Kwiecień słabszy, maj zaskoczył
Warto zwrócić uwagę na zmianę rytmu sprzedaży. W kwietniu 2025 roku deweloperzy odnotowali słabsze wyniki, a liczba wprowadzonych do sprzedaży mieszkań wyniosła 1 136. W maju było ich już tylko 468, co sugeruje, iż wysyp inwestycji z początku wiosny nie utrzymał się długo. Niemniej – majowe dane dotyczące sprzedaży i zainteresowania klientów pokazują, iż rynek wraca do życia.

– Kwiecień był dla deweloperów słabszy sprzedażowo, dlatego znacznie lepsze wyniki w maju mogą robić wrażenie. Jednocześnie należy podkreślić, iż to wciąż za wcześnie, by jednoznacznie mówić o trwałym odbiciu popytu we wszystkich metropoliach – komentuje Marek Wielgo, ekspert portalu RynekPierwotny.pl.

W jego opinii, za poprawą wyników sprzedażowych stoją przede wszystkim niższe stopy procentowe, które zwiększyły dostępność kredytów hipotecznych. To z kolei zachęciło wielu potencjalnych nabywców – wcześniej zniechęconych wysokimi ratami i trudnościami w uzyskaniu finansowania – do ponownego wejścia na rynek.

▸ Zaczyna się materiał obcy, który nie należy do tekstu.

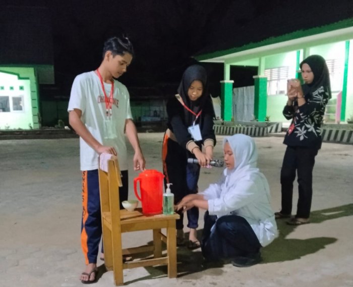 Menariknya, pada malam harinya (Sabtu malam Minggu), peserta mendapatkan tambahan wawasan penting melalui materi teori dan praktik Pertolongan Pertama pada Kecelakaan (P3K) serta Pertolongan Keluarga (PK). Dalam sesi tersebut, para peserta dibimbing untuk memahami teknik dasar pertolongan pertama dan pentingnya menjaga kebersihan diri, salah satunya melalui praktik mencuci tangan dengan benar.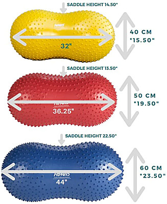 The maximum inflation size of the 60cm peanut is 23.5" high by 44" long, but the recommended inflation is 95% or 23". You can decrease the amount of air in the peanut to increase the balancing challenge, but do not overinflate!
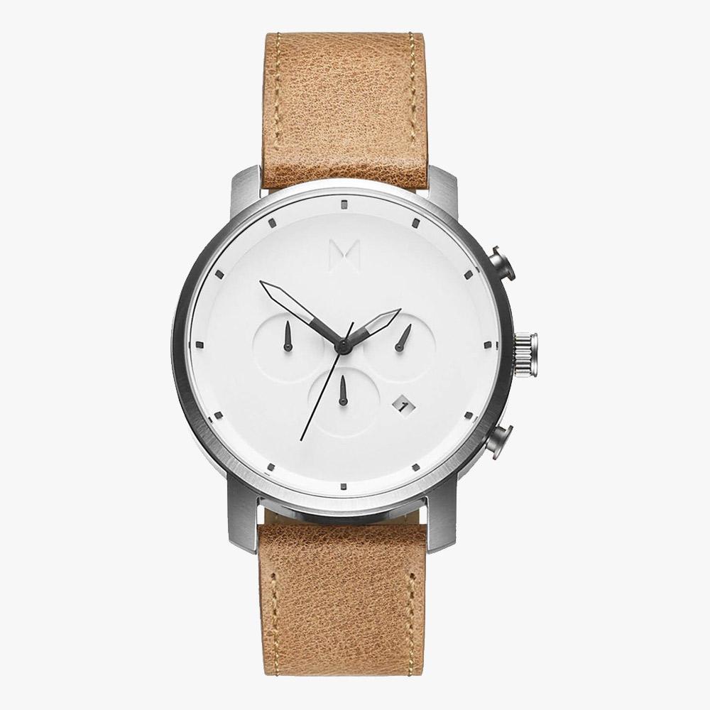 Muss lhre Uhr ersetzt werden? Oder möchten Sie jemandem eine Uhr schenken? Dann könnte diese MVMT Chrono 45 White Caramel D-MC01WT Herrenuhr eine gute Option sein.Die Silber Farbe des Edelstahl Gehäuses fällt auf und passt perfekt zur Weiß Farbe des Zifferblatts. Das Gehäuse hat einen Durchmesser von 45 mm und eine Dicke von 12 mm. Diese MVMT Herrenuhr hat die folgenden Funktionen; 12--Std-Anzeige, Chronograph, Datum.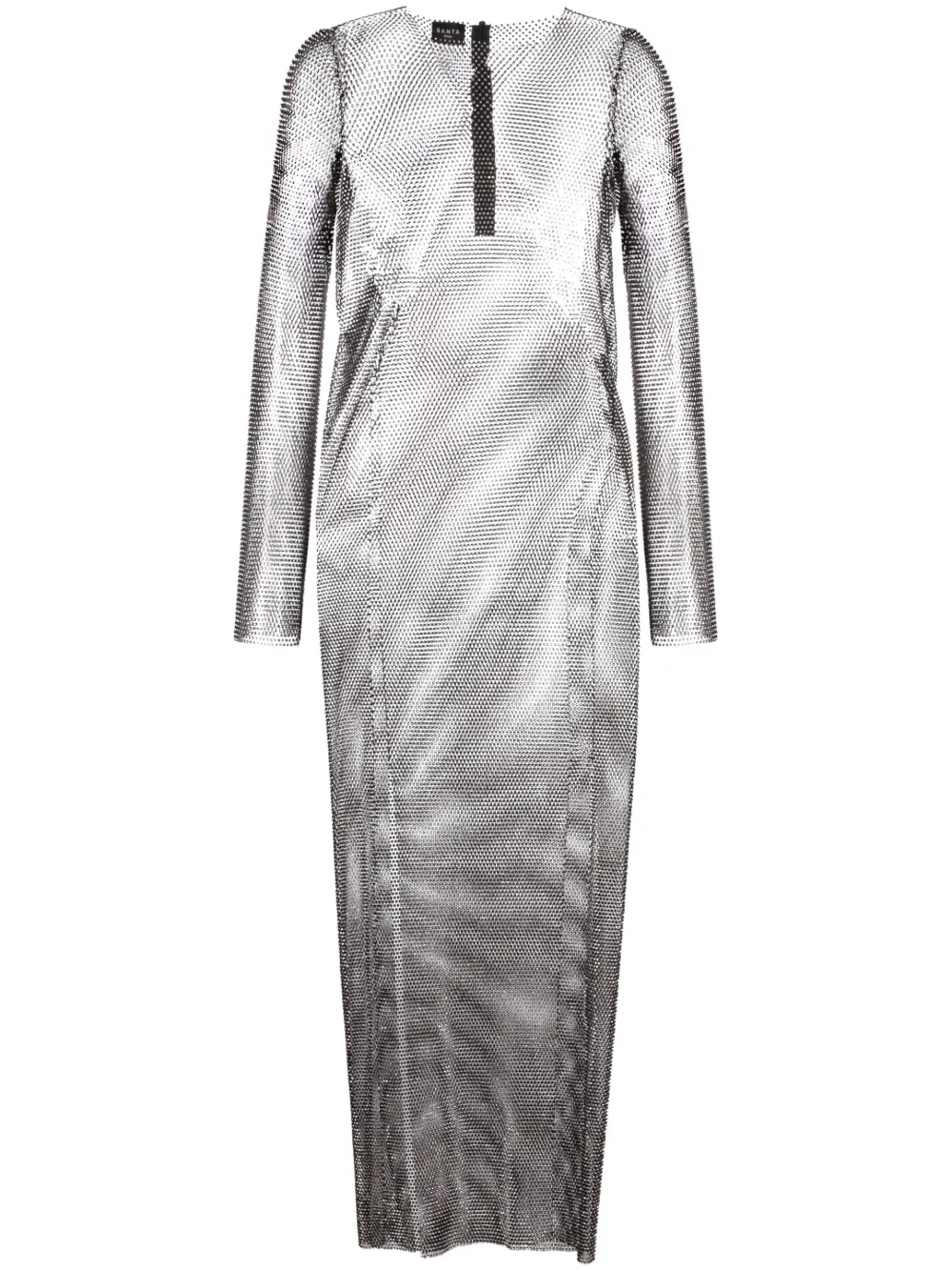Nero, decorazione con diamanti sintetici, effetto semi trasparente, due spacchi laterali alla coscia, chiusura posteriore con zip, girocollo, maniche lunghe, orlo dritto e design lungo.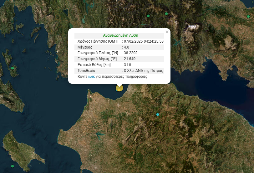 Σεισμός 4 Ρίχτερ σημειώθηκε στον Πατραϊκό κόλπο. Έγινε αισθητός σε Αχαΐα, Ηλεία και Αιτωλοακαρνανία.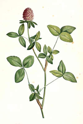 Trifolium pratense (Red Clover) from Rousseau, J.J., La botanique de J.J. Rousseau, t. 20 (1805) [P.J. Redoute].

Promocje, rabaty i elastyczność
Kolejnym czynnikiem wpływającym na ożywienie rynku są działania samych deweloperów. W obliczu dużej konkurencji i rosnącej liczby dostępnych lokali, firmy budowlane coraz chętniej sięgają po różnego rodzaju promocje i rabaty, które jeszcze kilka lat temu należały do rzadkości.

Elastyczność cenowa – choć niewielka w skali ogólnej – zaczyna mieć znaczenie. W połączeniu z większą liczbą dostępnych mieszkań i lepszymi warunkami kredytowymi, może to sprawić, iż osoby planujące zakup mieszkania podejmą decyzję szybciej, niż pierwotnie zakładały. To jednak nie zmienia faktu, iż dla przeciętnej krakowskiej rodziny własne „M” wciąż pozostaje wydatkiem rzędu kilkunastu lat pracy i oszczędzania.

Ożywienie z przeszkodami
Warto jednak pamiętać, iż to wciąż nie jest powrót do poziomów z lat boomu mieszkaniowego. Popyt, choć zauważalny, nie rozlewa się równomiernie na wszystkie dzielnice i typy lokali. przez cały czas dużą rolę odgrywa psychologia rynku: wielu kupujących czeka na „lepszy moment”, licząc na promocje, spadek cen lub jeszcze korzystniejsze oferty kredytowe.

Z kolei deweloperzy – mimo zwiększonej podaży – również działają ostrożnie. Rynkowy optymizm wraca, ale nie towarzyszy mu jeszcze przekonanie, iż wzrost sprzedaży ma charakter trwały. Prawdziwy test przyjdzie jesienią, kiedy zwykle następuje druga fala decyzji zakupowych.